Speaking to journalists in Geneva, Ms. Shamdasani described Ms. Akleh’s final moments, with her colleague, Ali Sammoudi.
“At around half past six in the morning, as four of the journalists turned into the street leading to the camp, wearing bulletproof helmets and flak jackets with ‘PRESS’ markings, several single, seemingly well-aimed bullets were fired towards them from the direction of the Israeli Security Forces. One single bullet injured Ali Sammoudi in the shoulder, and another single bullet hit Abu Akleh in the head and killed her instantly.”
Highlighting how the OHCHR probe had followed the methodology used in many other country situations, Ms. Shamdasani explained that there was no evidence of activity by armed Palestinians close by.
Ms. Akleh and her colleagues “had proceeded slowly in order to make their presence visible to the Israeli forces deployed down the street”, Ms. Shamdasani said. “Our findings indicate that no warnings were issued and no shooting was taking place at that time and at that location.”

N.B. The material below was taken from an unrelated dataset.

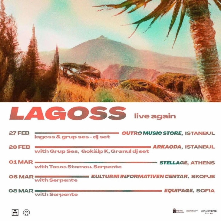 По концертите во Истанбул, Атина и Софија и Скопје е на мапата на турнејата на бендовите LAGOSS и проектот Serpente од Канарските острови. Ова експериментално сајбер-тропско музичко трио од Тенерифе ќе настапи вечер во Салонот 19:19 во Културно – информативниот центар.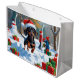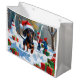 Dackel läuft im Schnee mit Weihnachtshut Große Geschenktüte

She added: “We’ve inspected photo, video, audio material, we’ve visited the scene, we’ve consulted with experts, and we’ve looked at official communications; we’ve interviewed people who were also on the scene when Abu Akleh was killed…Based on this very vigorous monitoring, we find that the shots that killed Abu Akleh came from Israeli Security Forces and not from indiscriminate firing by armed Palestinians.”
After Ms. Abu Akleh was shot, “several further single bullets were fired as an unarmed man attempted to approach her body and another uninjured journalist sheltering behind a tree,” the OHCHR official continued. “Shots continued to be fired as this individual eventually managed to carry away Abu Akleh’s body.”
UN High Commissioner for Human Rights Michelle Bachelet has urged the Israeli authorities to open a criminal investigation into the killing of Ms. Abu Akleh and into all other killings and serious injuries by Israeli forces in the West Bank.
Since the beginning of the year, OHCHR said that it had verified that Israeli Security Forces had killed 58 Palestinians in the West Bank, including 13 children.
“International human rights law requires prompt, thorough, transparent, independent and impartial investigation into all use of force resulting in death or serious injury,” said Ms. Shamdasani. “Perpetrators must be held to account.”
Israel has rejected the findings of the OHCHR probe, adding that the Palestinian Authority has not handed over the bullet that killed Ms. Abu Akleh.